Надпись на циферблате старинных башенных часов

   Спустя несколько дней после концерта Берлиоза Паганини смог наконец покинуть Париж.
   «Я откладывал свой отъезд из Парижа, – писал он Джерми из Марселя 17 февраля, – из-за обмана одного негодяя, одного дельца, который уверял королевского прокурора, будто я задумал убить его у себя дома с помощью каких-то четырех вооруженных мужчин. Так что выслушивание показаний различных свидетелей заняло почти два месяца, и я не мог уехать. Затем обвинение, как и следовало ожидать, сняли».
   Это оказался еще один вероломный удар банды обманщиков из «Казино».
   В Марселе климат, похоже, пошел на пользу больному скрипачу. Он остановился в доме своего друга, господина Брюна, и там смог снова с радостью отдаться любимой музыке – квартетам.
   Здесь скрипач сблизился с Хосе Галофре из Барселоны, к которому питал живейшую симпатию, даже дал ему несколько уроков и исполнил для него Каприччи.
   Конестабиле рассказывает, что больной Паганини сидел на диване в комнате, полной различных инструментов, нот и лекарств. Акилле подавал ему инструменты, и музыкант то перебирал струны французской гитары, то играл на своем любимейшем Гварнери какую-нибудь веселую или грустную мелодию, волновавшую слушателей. Иногда играл квартеты Бетховена, и Галофре говорит о непревзойденном исполнении, несмотря на то, что болезни уже непоправимо подорвали здоровье скрипача.
   «Галофре, – пишет Конестабиле, – рассказывал мне, что в последние месяцы жизни Паганини так исхудал, что на него больно было смотреть. Очевидно было, как сильно подтачивала его коварная болезнь».
   26 января 1839 года Никкол? писал Джерми:
   «Мой друг Брюн весьма рад, что завоевал твое уважение и хотел бы, как и я, чтобы ты приехал в Марсель недели на две; ты жил бы рядом со мной, и мы сыграли бы тебе последние квартеты Бетховена».
   Другой заботой скрипача в этот последний период жизни стало приобретение инструментов. Он часто писал об этом Джерми, Мигоне и сумел собрать великолепную коллекцию драгоценных скрипок, альтов и виолончелей. [198]
   Он почувствовал себя немного получше, но уже 3 февраля снова жаловался Джерми:
   «Я все еще не могу поправиться. Расстройство желудка, ревматизм, сильная слабость в коленях немало огорчают меня».
   А 17 февраля в письме из Марселя просил Джерми собрать разные инструменты, которые он оставил в различных концах Италии, и прислать ему. Он хотел видеть у себя всех своих старых друзей, чтобы присоединить к тем, которые приобрел недавно.
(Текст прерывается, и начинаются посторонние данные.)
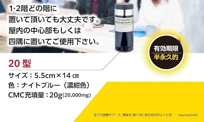「CMCスタビライザー20型の仕様」*CMC充填量:20,000mg(20g)、*本体:SUS(ステンレス)、カラー:ナイトブルー(濃紺色)*ラミネート加工, *サイズ:直径5.5cm、*高さ:14cm、*総重量:180g, **電気・ハイブリット車対応型 *有効期限=半永久的 *CMC商品はご自身の電磁波対策用としてはもちろん、ちょっとしたお礼や、心遣いのミニギフトにぴったりなアイテムですので、取引先様への贈り物としても、クリスマスやバレンタイン、ホワイトデー、バースデイ、誕生日、母の日、父の日、、贈り物、卒業式、入学式、結婚式、お祝い事、お盆、お正月、彼や彼女、お父さん、お母さん、おじいちゃん、おばあちゃんへのプレゼントとしてもおススメのできるアイテムです。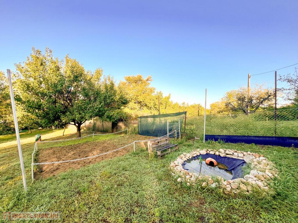 • ÉPÍTÉSI LEHETŐSÉG: a telken jelenleg egy 12 m²-es bontandó épület található. Ennek helyére elkészült a tervdokumentáció egy 35 m²-es (99,75 m³) gazdasági épülethez, amelyhez a szükséges 25 cm vastag Itong falazóelemek már rendelkezésre állnak. A tervek és az építőanyag a vételár részét képezik.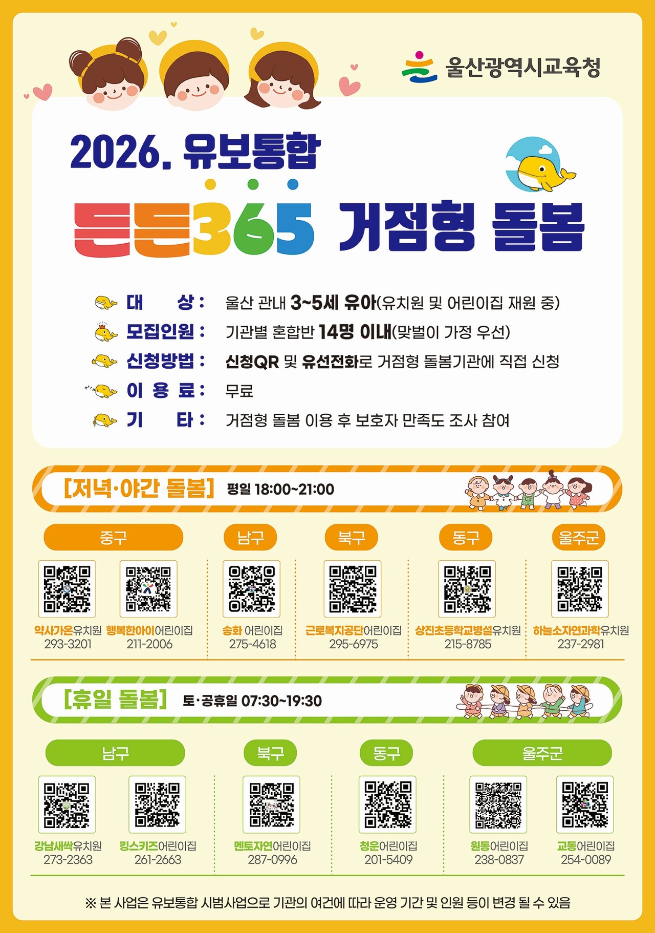 저녁·야간 돌봄 거점기관은 ‘약사가온유치원, 상진초등학교병설유치원, 하늘소자연과학유치원, 행복한아이어린이집, 송화어린이집, 근로복지공단울산어린이집’이다.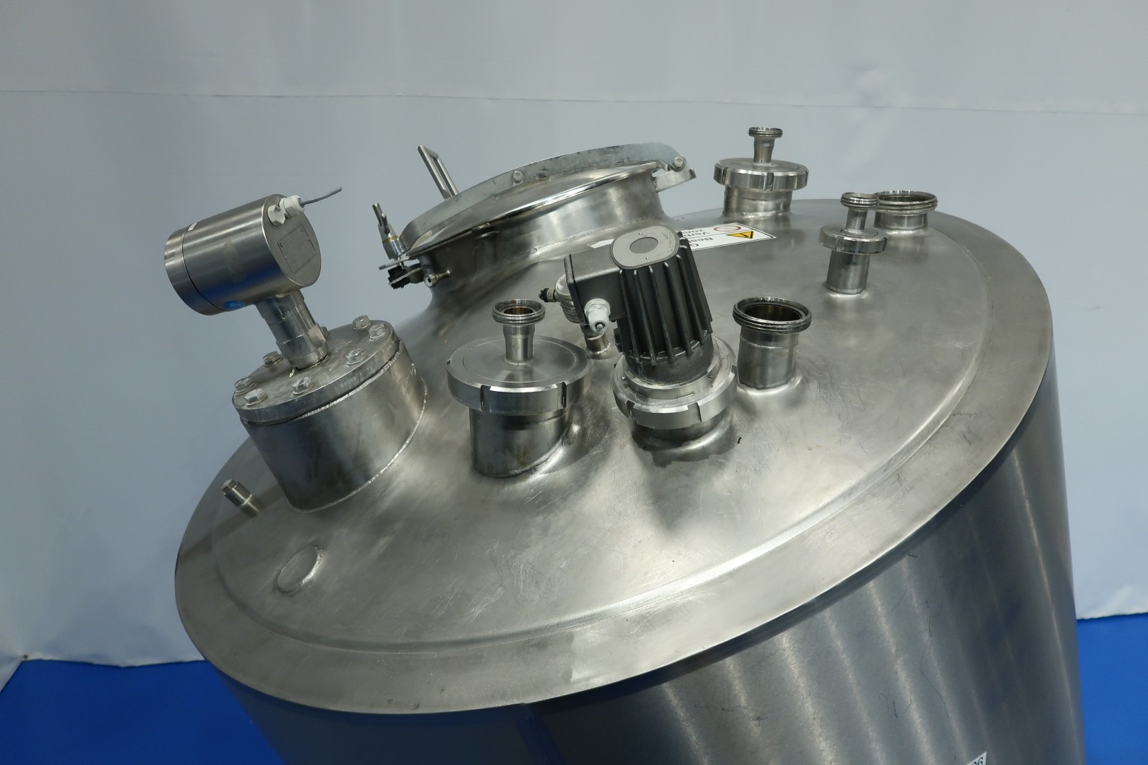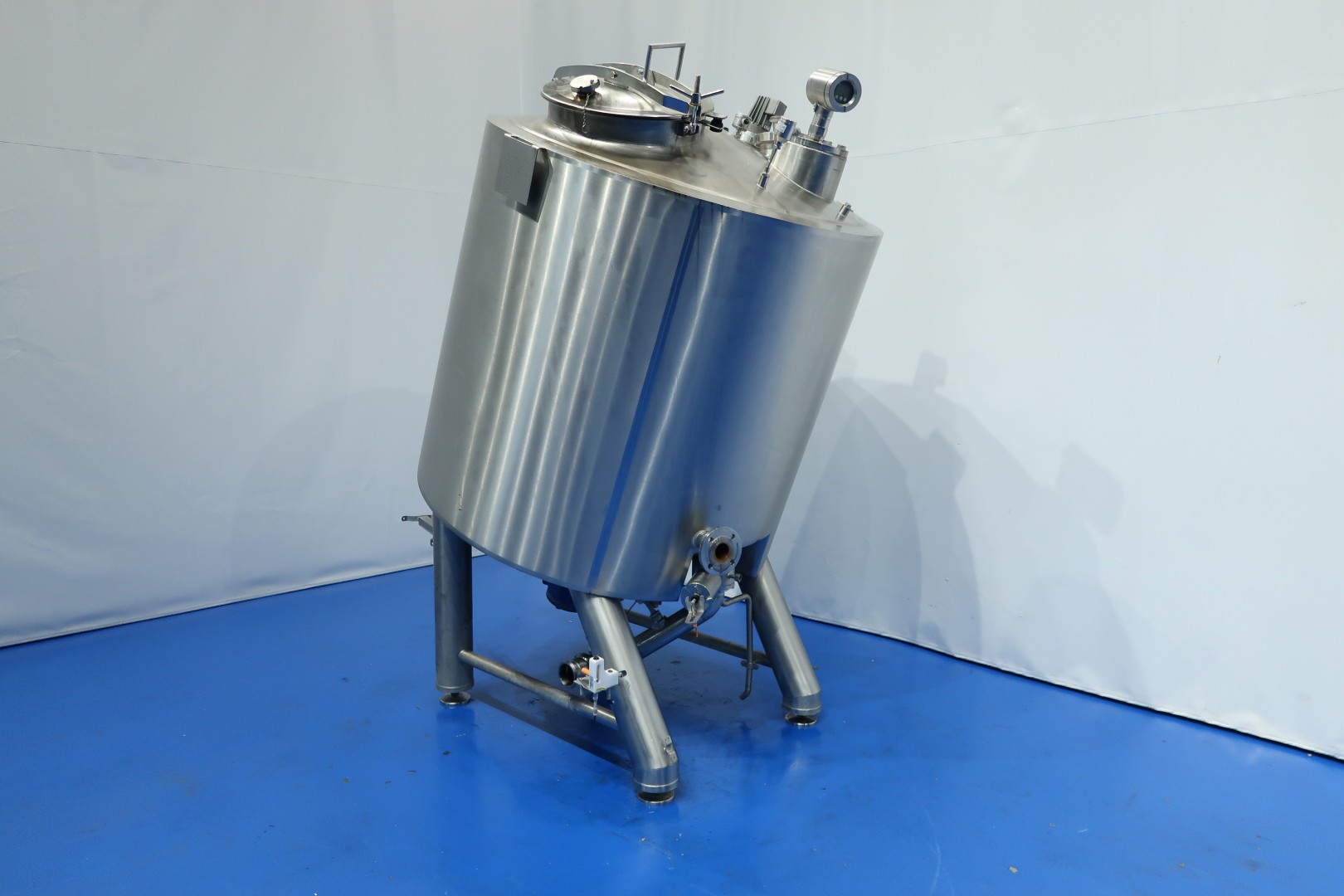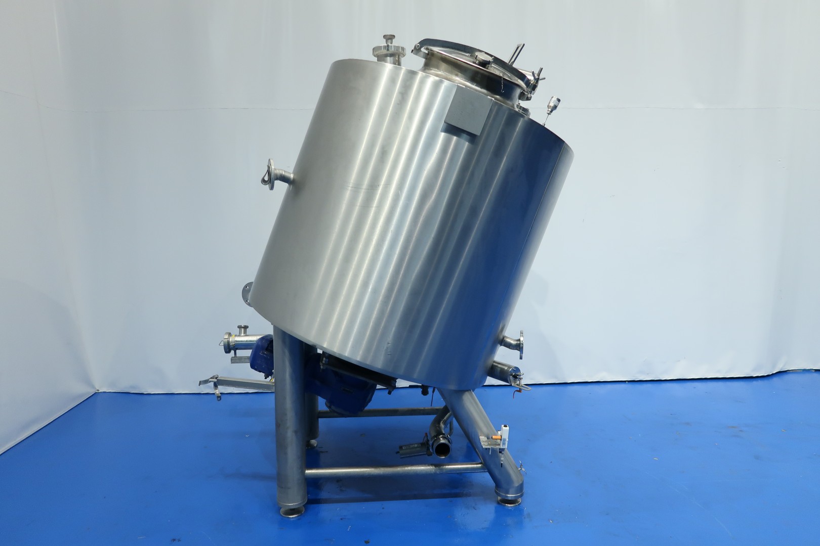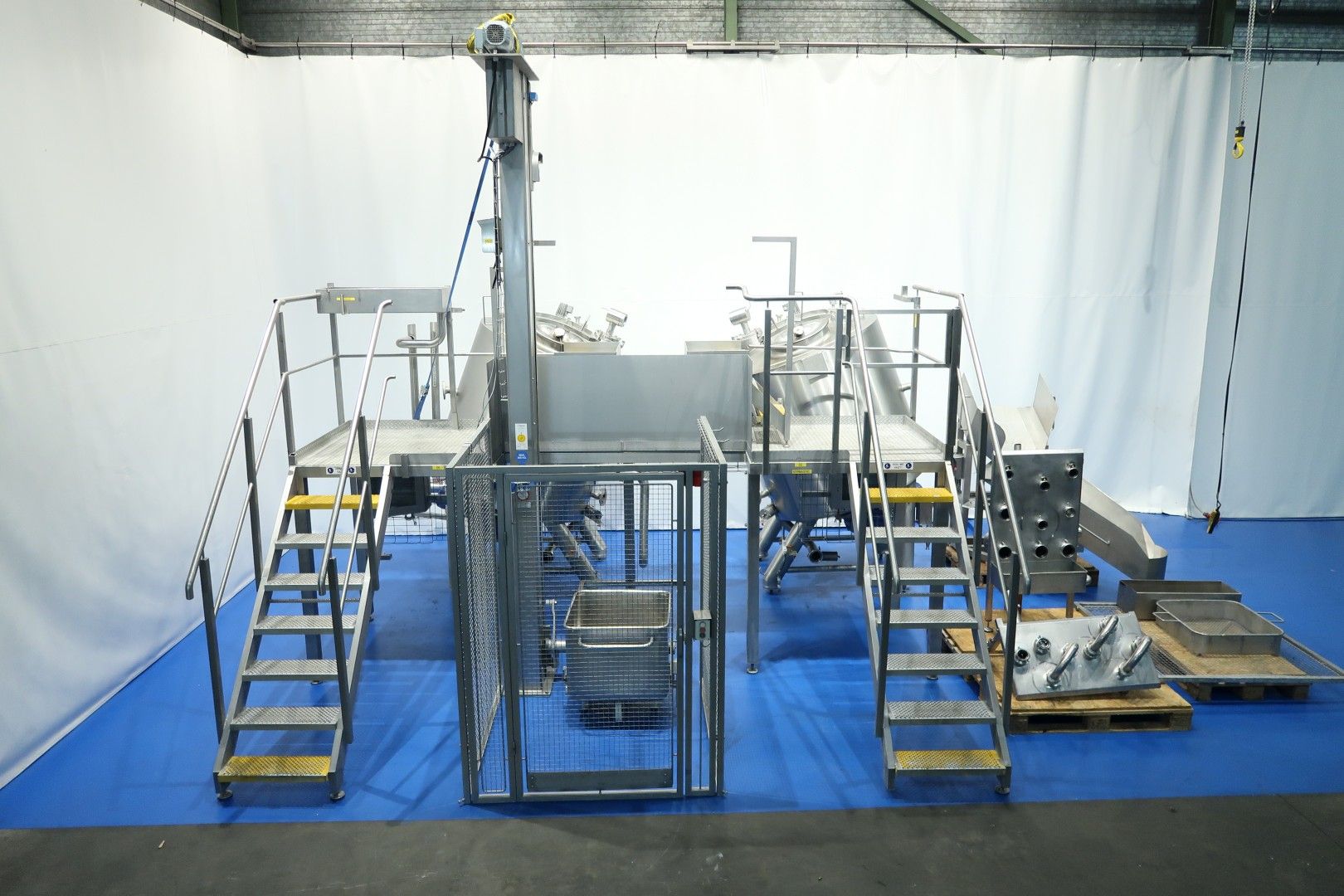Double jacketed process tank. Product capacity: 1.200 ltr. Bottom driven Scraper agitator. Motor power: 4,5 kW - 8,4 A - 23 rpm. Pressure in tank atmospherique. Jacket in 2 sections 1: 21 ltr. 2: 61 ltr. 4 bar - 150 °C. Insulated, side and bottom. Placed under an angle approx. 20°. Product outlet DN80 Din and outlet height: 35 cm. Including mix proof, pneumatic butterfly valve. With tempemperature sensor with display on the head and with high and low level sensor. 4 CIP spray bowls. Manhole in top, round, diameter 51 cm. 4 Adjustable feet. Inside dimensions of tank: Ø 135 cm and height 125 cm. Total dimensions: 160x140x260 (lxwxh) cm - weight: 900 kg. Also available with second Terlet proces tank (STN15974), SS frame with stairs, bin-trolley elevator (STN16009) with adjustable funnel for adding ingredients (standard trolley size) with safety fence around elevator. (last photo is a complete overview) .

   «…Хорошо, если бы ты приехал в конце марта и провел бы с нами недели две, мы опробуем виолончели, ты увидишь их различие и изумишься моему Страдивари. Твой Гварнери издает звук не такой, какой должен, но это отчасти может зависеть от душки и мостика, и попробуем поменять их.
   У Карли находится мой альт Амати, и я хотел бы, чтобы ты прислал мне его, как и виолончель Гварнери, которую мне подарил Мильцетти в Болонье. Забери из Пармы мой альт Страдивари и вместе с виолончелью Амати, если, разумеется, она не нужна тебе, перешли вместе со скрипками Страдивари и Андреа Гварнери в Марсель».
   В тревожном, беспокойном постскриптуме этого письма от 8 апреля 1839 года к Джерми он добавляет:
   «Скрипка, которую я обнаружил на месте Андреа Гварнери, это та, что дал мне генерал Пино и в которой я сейчас увидел работу Джузеппе Гварнери дель Джезу. Но что стало с моим Андреа? В Парме она или у Карли?.. В Парме должна быть скрипка Вильома – копия с моей; и не помню, забрал ли я у Карли вышеупомянутого Андреа. Если знаешь что-нибудь об этом, сообщи, чтобы я не спрашивал у Карли напрасно. Прощай».
   19 марта ему стало значительно хуже.
   «Я подвержен, – писал Никкол?, – приступам, из-за которых вот уже шесть дней и шесть ночей не могу спать. И нет пока еще ни малейшего облегчения. Все время страдаю, очень ослабел, настолько, что не могу заняться инструментовкой своих сочинений для Лондона… Надеюсь, однако, что весна придет мне на помощь…»
   Так что к другим бедам прибавилась еще и бессонница. Теперь он не получал, как когда-то, отдохновения в глубоком сне, приносившем ему некоторое облегчение. Среди всех этих бед он заботился не только о занятиях Акилле, которого поместил в марсельский коллеж, но и о своих племянниках, которым хотел дать образование за свой счет.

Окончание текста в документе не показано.